Look below for the line containing "Силикагель нос в"; from there, print each line exactly up to and including the line containing "BVLGARI Collezione Long", and stop.

--- Excerpted records Enclosed Below ---

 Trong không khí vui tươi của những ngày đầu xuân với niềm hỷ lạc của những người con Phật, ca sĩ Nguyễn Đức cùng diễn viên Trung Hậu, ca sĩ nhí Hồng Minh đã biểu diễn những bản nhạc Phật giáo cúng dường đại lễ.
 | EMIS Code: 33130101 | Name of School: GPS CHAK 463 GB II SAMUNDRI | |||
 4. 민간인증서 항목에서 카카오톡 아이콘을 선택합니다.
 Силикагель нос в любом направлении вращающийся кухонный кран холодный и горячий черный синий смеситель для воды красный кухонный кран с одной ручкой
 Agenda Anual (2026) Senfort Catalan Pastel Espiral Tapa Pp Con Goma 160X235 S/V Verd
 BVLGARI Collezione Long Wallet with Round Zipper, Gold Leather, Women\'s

--- End of Enclosed Excerpted records ---
--- Excerpted records Enclosed Below ---

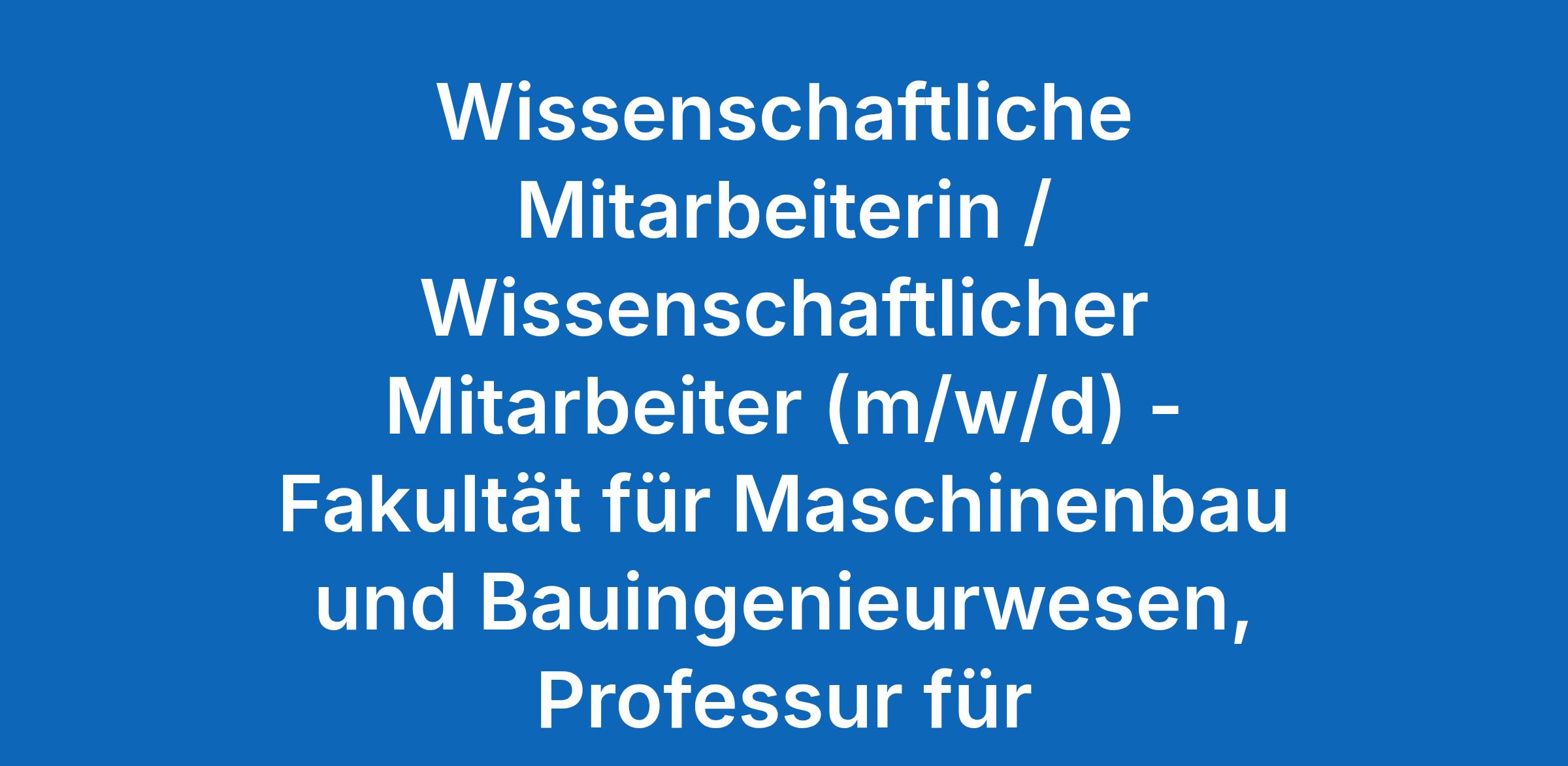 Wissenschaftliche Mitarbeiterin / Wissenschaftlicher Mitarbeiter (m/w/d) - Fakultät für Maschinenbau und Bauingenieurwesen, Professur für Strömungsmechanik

--- End of Enclosed Excerpted records ---

▶ Result:
 Силикагель нос в любом направлении вращающийся кухонный кран холодный и горячий черный синий смеситель для воды красный кухонный кран с одной ручкой
 Agenda Anual (2026) Senfort Catalan Pastel Espiral Tapa Pp Con Goma 160X235 S/V Verd
 BVLGARI Collezione Long Wallet with Round Zipper, Gold Leather, Women\'s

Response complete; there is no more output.